作者: 发布时间:2021-05-31 点击数:
主讲人:Xiaohui Chen
主讲人简介:

Xiaohui Chen received a Ph. D. in Electrical and Computer Engineering in 2013 from the University of British Columbia (UBC), Vancouver, Canada. He was a post-doctoral fellow at the Toyota Technological Institute at Chicago (TTIC), a philanthropically endowed academic computer science institute located on the University of Chicago campus. In 2013 he joined the University of Illinois at Urbana-Champaign (UIUC) as an Assistant Professor of Statistics. He is an Associate Professor of Statistics at UIUC since 2019 and a member of Discovery Partners Institute (DPI) since 2020. He held Visiting Faculty position in the Institute for Data, Systems, and Society (IDSS) at Massachusetts Institute of Technology (MIT) in 2019-2020. He received numerous notable awards, including an NSF CAREER Award in 2018, an Arnold O. Beckman Award at UIUC in 2018, an Outstanding Young Researcher Award from the International Chinese Statistical Association (ICSA) in 2019, an Associate appointment in the Center for Advanced Study at UIUC in 2020-2021, and a Simons Fellowship in Mathematics from the Simons Foundation in 2020-2021. His teaching was recognized three times by the University of Illinois List of Teachers Ranked as Excellent by Their Students.

主持人:钟威
讲座简介:

We introduce the diffusion K-means clustering method on Riemannian submanifolds, which maximizes the within-cluster connectedness based on the diffusion distance. The diffusion K-means constructs a random walk on the similarity graph with vertices as data points randomly sampled on the manifolds and edges as similarities given by a kernel that captures the local geometry of manifolds.

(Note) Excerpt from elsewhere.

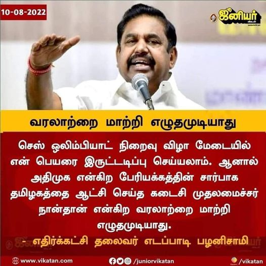 “செஸ் ஒலிம்பியாட் நிறைவு விழா மேடையில் என் பெயரை இருட்டடிப்பு செய்யலாம். ஆனால் அதிமுக என்ற பேரியக்கத்தின் சார்பாக தமிழகத்தை ஆட்சி செய்த கடைசி முதலமைச்சர் நான்தான் என்கிற வரலாற்றை மாற்றி எழுத முடியாது” என்று எடப்பாடி பழனிசாமி கூறியதாக நியூஸ்கார்ட் ஒன்று சமூக வலைத்தளங்களில் பரவி வருகின்றது.

The diffusion K-means is a multi-scale clustering tool that is suitable for data with non-linear and non-Euclidean geometric features in mixed dimensions. Given the number of clusters, we propose a polynomial-time convex relaxation algorithm via the semidefinite programming (SDP) to solve the diffusion K-means. In addition, we also propose a nuclear norm regularized SDP that is adaptive to the number of clusters. In both cases, we show that exact recovery of the SDPs for diffusion K-means can be achieved under suitable between-cluster separability and within-cluster connectedness of the submanifolds, which together quantify the hardness of the manifold clustering problem. We further propose the localized diffusion K-means by using the local adaptive bandwidth estimated from the nearest neighbors. We show that exact recovery of the localized diffusion K-means is fully adaptive to the local probability density and geometric structures of the underlying submanifolds.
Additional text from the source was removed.